> **EXERCISE REQUIREMENTS**: If an entry holds a picture, leave that picture out and reproduce everything else exactly.

> **DATA FOR ANALYSIS**:
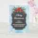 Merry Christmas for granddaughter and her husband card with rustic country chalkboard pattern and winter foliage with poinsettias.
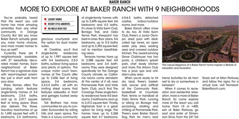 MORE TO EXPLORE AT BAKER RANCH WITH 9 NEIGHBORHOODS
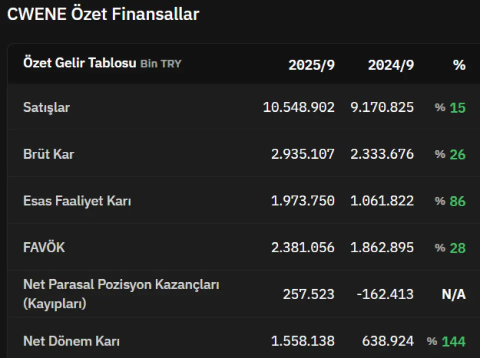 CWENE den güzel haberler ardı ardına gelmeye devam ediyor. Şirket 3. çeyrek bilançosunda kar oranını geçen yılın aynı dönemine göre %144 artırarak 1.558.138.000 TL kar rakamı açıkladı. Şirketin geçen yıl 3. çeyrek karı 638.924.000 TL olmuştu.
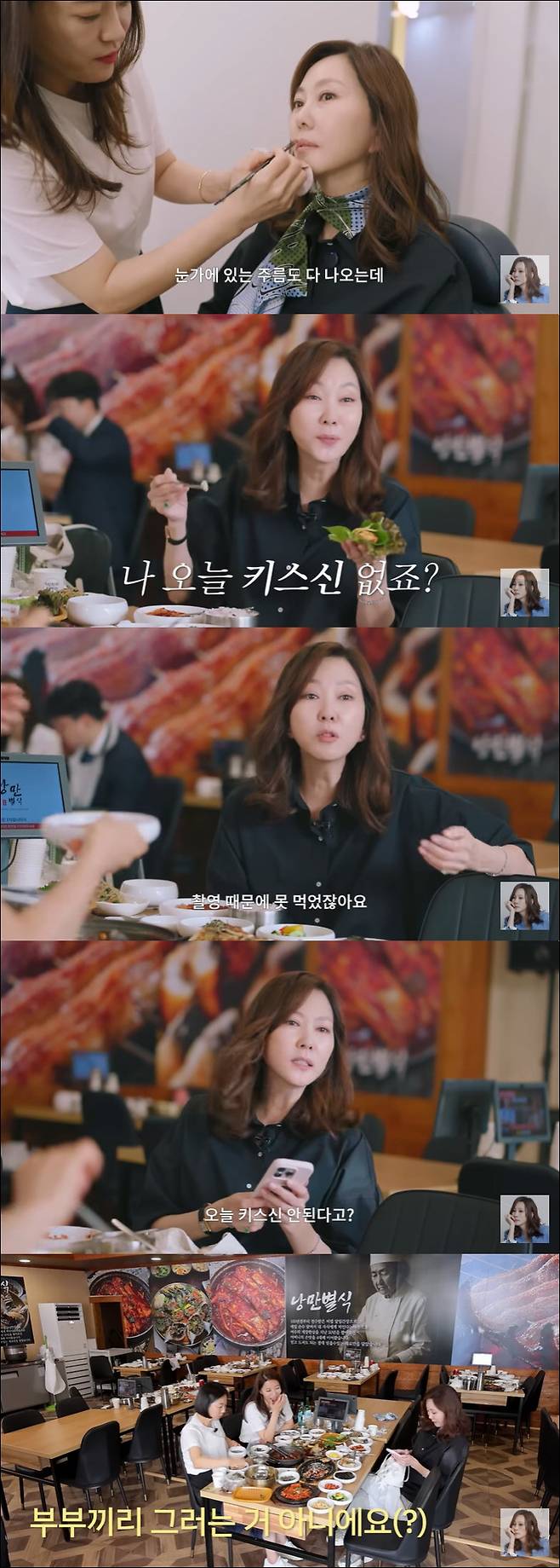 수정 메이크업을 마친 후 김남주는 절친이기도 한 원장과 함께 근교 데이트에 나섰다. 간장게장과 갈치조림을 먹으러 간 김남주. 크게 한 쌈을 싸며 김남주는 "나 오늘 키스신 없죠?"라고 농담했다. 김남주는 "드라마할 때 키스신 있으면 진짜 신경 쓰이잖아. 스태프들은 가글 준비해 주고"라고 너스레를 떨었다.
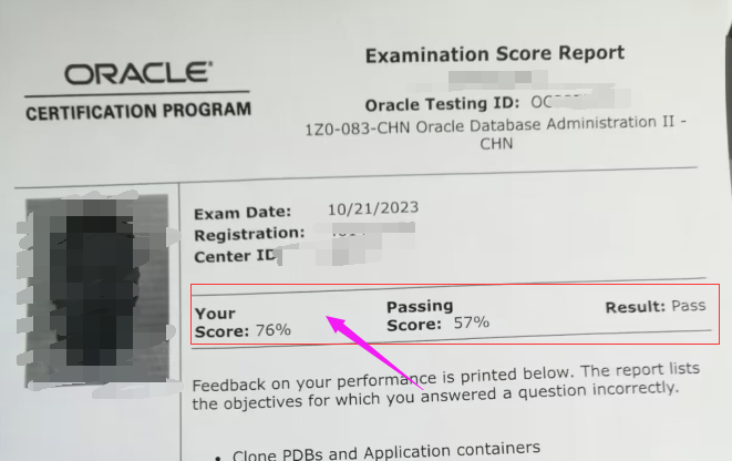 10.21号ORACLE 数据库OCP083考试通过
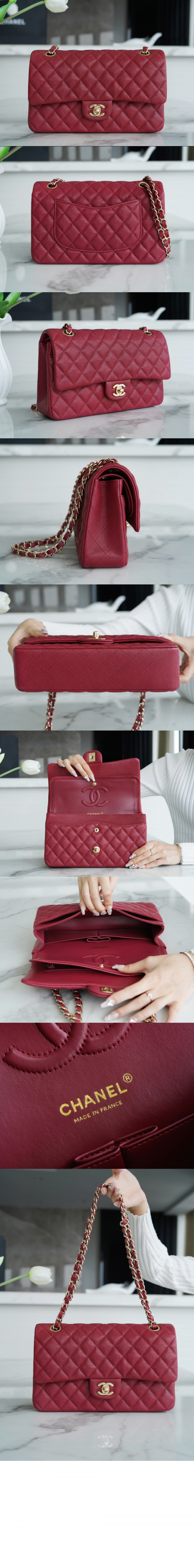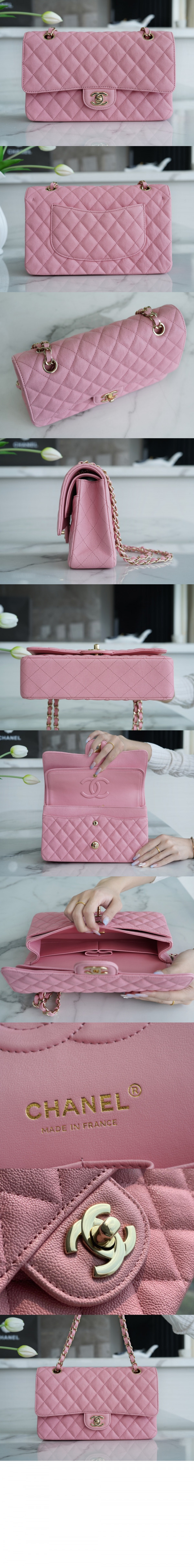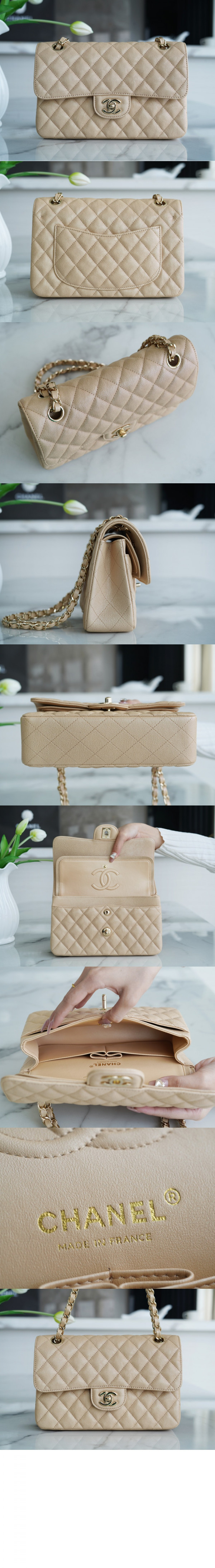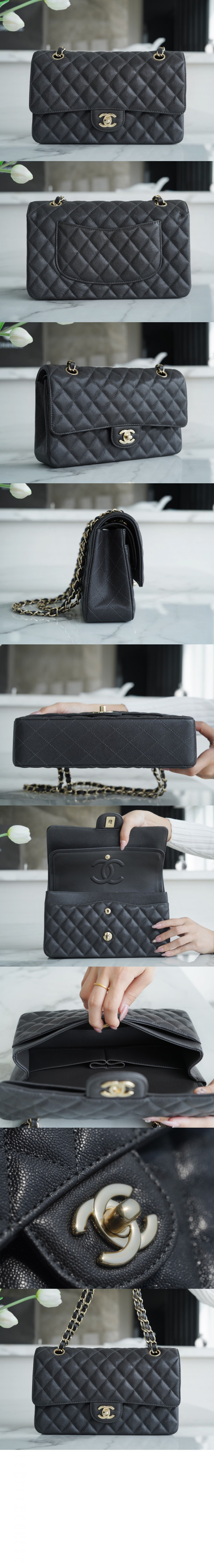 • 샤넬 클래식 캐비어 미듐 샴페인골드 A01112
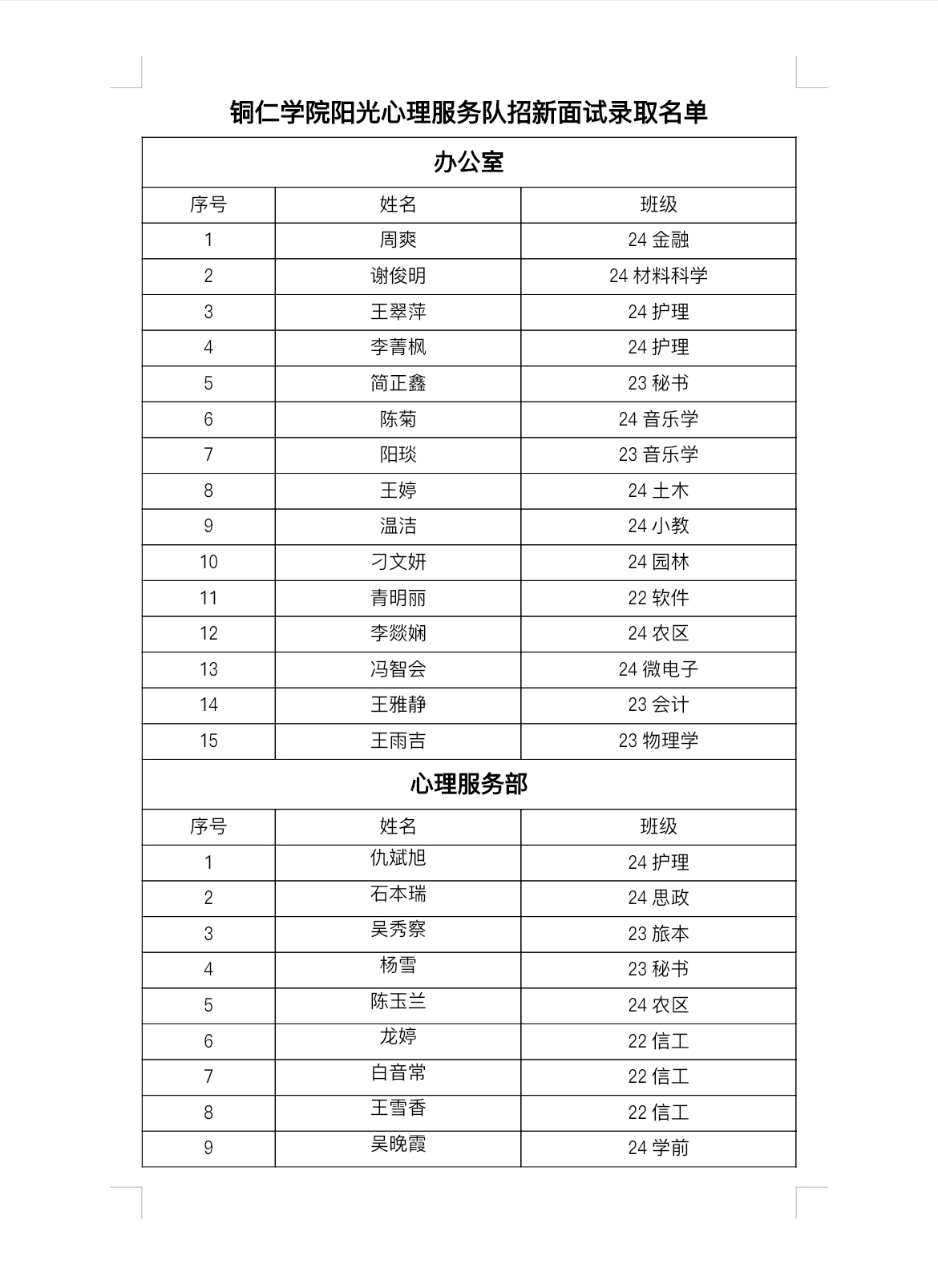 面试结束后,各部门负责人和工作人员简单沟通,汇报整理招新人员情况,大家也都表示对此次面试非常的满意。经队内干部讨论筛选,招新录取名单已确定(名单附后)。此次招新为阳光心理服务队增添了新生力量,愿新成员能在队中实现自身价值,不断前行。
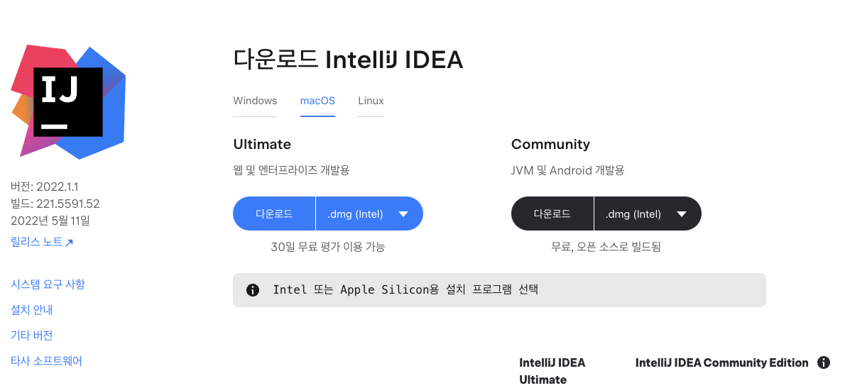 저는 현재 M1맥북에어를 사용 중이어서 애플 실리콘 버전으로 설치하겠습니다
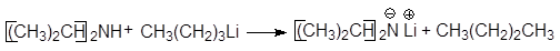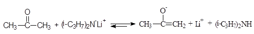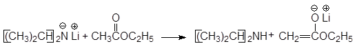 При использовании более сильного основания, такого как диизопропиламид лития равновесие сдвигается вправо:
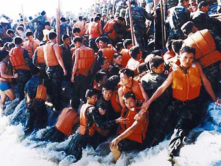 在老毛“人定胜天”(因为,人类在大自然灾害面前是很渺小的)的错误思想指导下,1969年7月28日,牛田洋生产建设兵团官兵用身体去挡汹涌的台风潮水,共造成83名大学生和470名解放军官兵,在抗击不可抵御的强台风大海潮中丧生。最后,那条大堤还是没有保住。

> **RESPONSE AREA**:
 Merry Christmas for granddaughter and her husband card with rustic country chalkboard pattern and winter foliage with poinsettias.
 MORE TO EXPLORE AT BAKER RANCH WITH 9 NEIGHBORHOODS
 CWENE den güzel haberler ardı ardına gelmeye devam ediyor. Şirket 3. çeyrek bilançosunda kar oranını geçen yılın aynı dönemine göre %144 artırarak 1.558.138.000 TL kar rakamı açıkladı. Şirketin geçen yıl 3. çeyrek karı 638.924.000 TL olmuştu.
 수정 메이크업을 마친 후 김남주는 절친이기도 한 원장과 함께 근교 데이트에 나섰다. 간장게장과 갈치조림을 먹으러 간 김남주. 크게 한 쌈을 싸며 김남주는 "나 오늘 키스신 없죠?"라고 농담했다. 김남주는 "드라마할 때 키스신 있으면 진짜 신경 쓰이잖아. 스태프들은 가글 준비해 주고"라고 너스레를 떨었다.
 10.21号ORACLE 数据库OCP083考试通过
 • 샤넬 클래식 캐비어 미듐 샴페인골드 A01112
 面试结束后,各部门负责人和工作人员简单沟通,汇报整理招新人员情况,大家也都表示对此次面试非常的满意。经队内干部讨论筛选,招新录取名单已确定(名单附后)。此次招新为阳光心理服务队增添了新生力量,愿新成员能在队中实现自身价值,不断前行。
 저는 현재 M1맥북에어를 사용 중이어서 애플 실리콘 버전으로 설치하겠습니다
 При использовании более сильного основания, такого как диизопропиламид лития равновесие сдвигается вправо:
 在老毛“人定胜天”(因为,人类在大自然灾害面前是很渺小的)的错误思想指导下,1969年7月28日,牛田洋生产建设兵团官兵用身体去挡汹涌的台风潮水,共造成83名大学生和470名解放军官兵,在抗击不可抵御的强台风大海潮中丧生。最后,那条大堤还是没有保住。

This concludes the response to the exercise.